My Property Isn’t Selling, What Should I Do?

October 13, 2023 By Tayson Rockefeller Leave a Comment

It’s funny how quickly markets change. Just yesterday (as I write this in October of 2023), properties were selling so quickly that buyers were all but waving inspections to get their foot in the door. I am also reminded of the changing landscape of the rental market, though I won’t rub it in with the “I told you so” comments for now. Regardless, and interestingly, prices haven’t budged much. This is mostly a product of supply and demand, but it’s also a different topic.

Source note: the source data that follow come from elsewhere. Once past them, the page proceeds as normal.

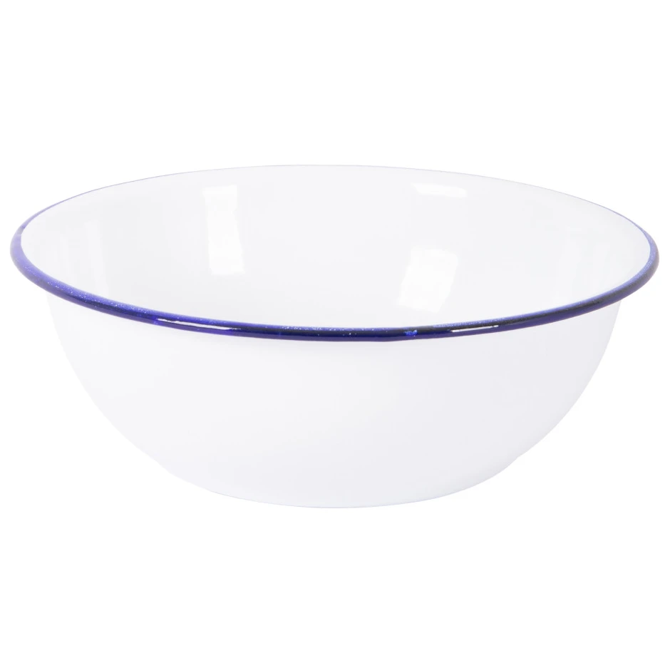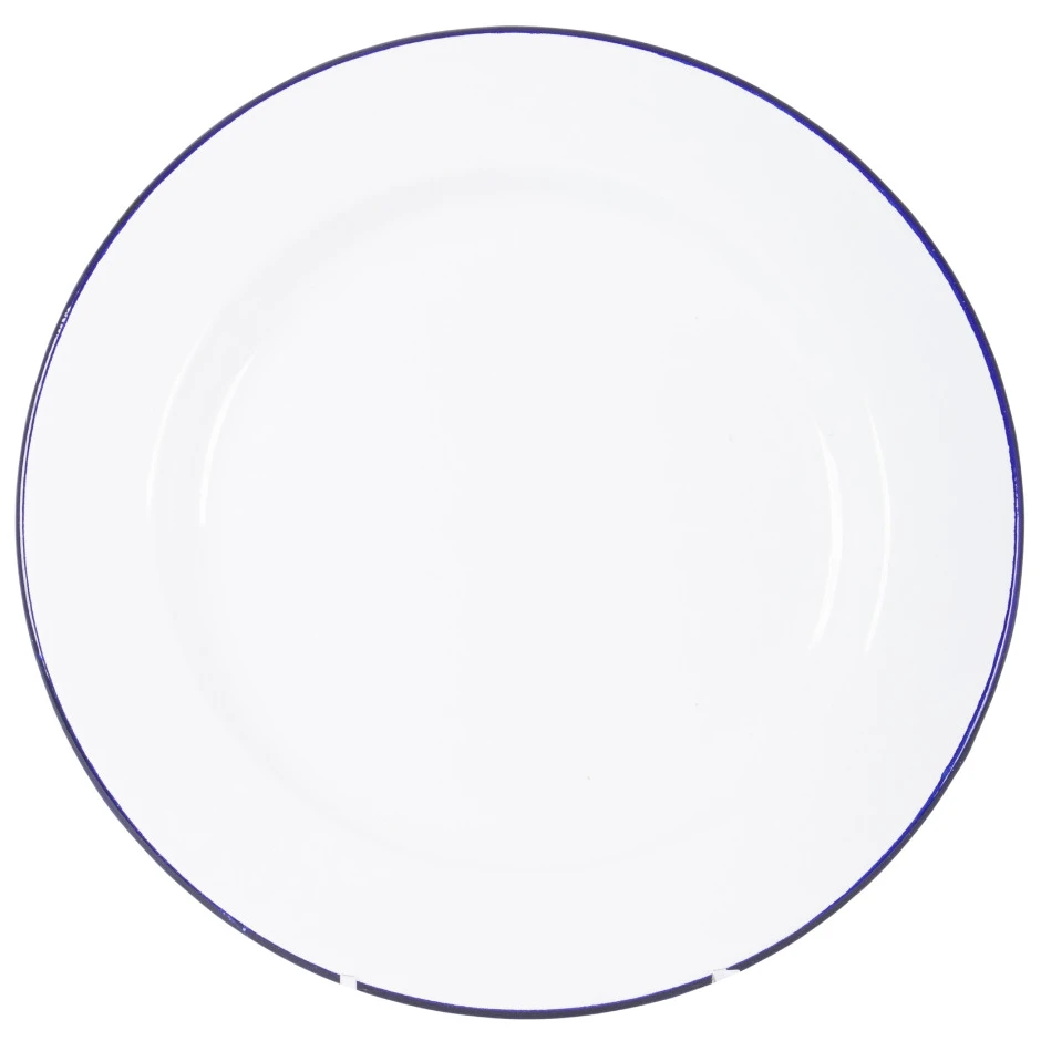 Gönnen Sie sich ein gemütliches Essen auch unterwegs! Das Emaille-Geschirrset Bo-Camp ist ideal für Camping, Picknick und Abendessen im Garten. Auch optisch macht es durch die edle blaue Umrandung einiges her.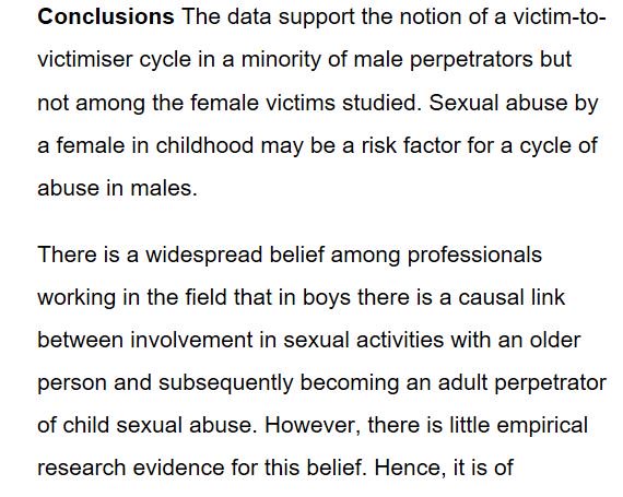 It is incredibly inaccurate to claim that "most abusers were abused" when it has been found to occur only in a minority of perpetrators. Beliefs and empirical research evidence are wholly different concepts.pic.twitter.com/Lkbi8OspkE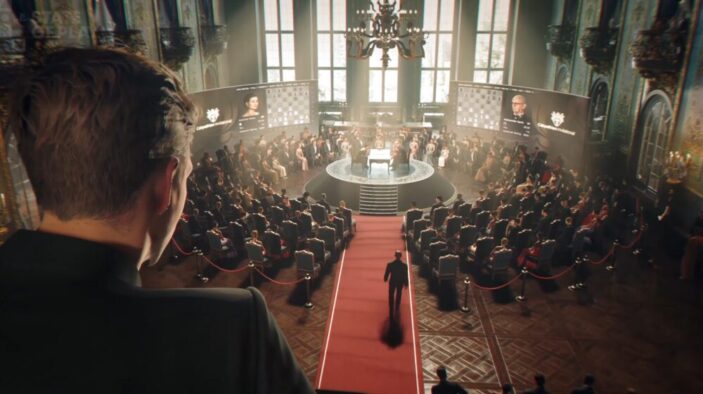 As Bond is not specifically invited to this event, the main door is off-limits as the unit requires a press pass to get in. Bond can survey the landscape for options, and the game actually tells you how to go about things, and if you’re being watched. Sure, you can jump on that ledge, just not in public.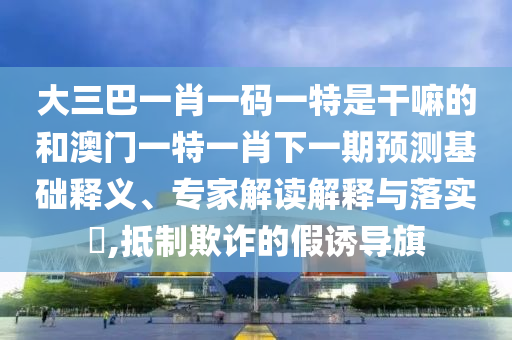 大三巴一肖一碼一特是干嘛的和澳門一特一肖下一期預測基礎釋義、專家解讀解釋與落實?,抵制欺詐的假誘導旗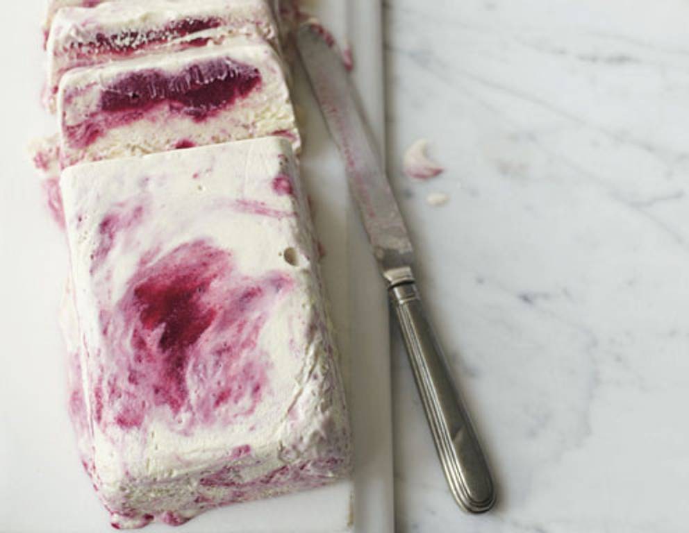 - Anschließend die Vanille-sahne unter die Zucker-Ei-Masse heben. Das Himbeerpüree so unter die Masse rühren, dass ein Marmormuster entsteht. Dann das Ganze vorsichtig in die vorbereitete Form geben. Die Oberfläche glatt streichen und mit der überstehenden Frischhaltefolie bedecken. 24 Stunden in den Gefrierschrank stellen.

Speaking of prices, let’s get back to the issue at hand. Many property owners and Sellers haven’t adjusted to the market conditions today. Things are taking more time to sell. There is actually a way to calculate how long something should take to sell, and I have written several past articles relating to absorption. In addition, prices have adjusted. In some sectors of the market the prices have continued to rise, but most have stabilized, if not fallen as a result of affordability issues related to increasing interest rates. If you’re asking the subject question and you haven’t been educated on the average amount of time it takes to sell a property (or realistic valuations), then the answer is probably simple. Ideally, we set expectations before listing a property and take a realistic data based approach to valuation and where to begin marketing in terms of a listing price. The mentality of “we can always come down” can be more damaging to the prospect of selling a property than one might think.

This article, however, is aimed more at those considering not “what should I have done”, but “what should I do now”?

First; I would suggest evaluating absorption to make sure that you don’t have an unreasonable expectation. If the market data suggests that it’s going to take 6 months to sell a property, and you’re asking this question 3 months after listing, patience may be the answer.

Second; let’s take a look at pricing. If you made a decision to list at a higher number with the mentality that you can always reduce the price, it may be time to do just that. This being said, you may need to reduce more than you otherwise would have needed to. I would suggest taking a look at the original valuation, as well as market conditions that may have changed. Are we now outside of peak months? *Yes, I have an article on this as well* Have the interest rates now changed market conditions? The bottom line is that market absorption calculations only work with properties that are listed at actual market values. If you are provided with data that suggests that there is 6 months’ worth of inventory and a suggested listing price of $850,000, yet choose to list the property for $975,000, you can bet you are going to be outside of the absorption window. Additionally, those that provide this data, whether it’s an appraiser or a real estate agent, can’t control the market and they don’t always hit the nail on the head. It’s important to have follow-up discussions and plan your next move ahead of time.

Finally; let’s talk about seasonality. We talked about the seasons and how they can impact marketing time, but the seasons also come with… seasons. If you listed a property in July, and you’re making adjustments in December, it might be time to discuss updating the photography to something that doesn’t scream: “I have been on the market for 7 months!” This is usually most important in reverse, Winter photos should always be updated in the when things green up in the Spring or early Summer months.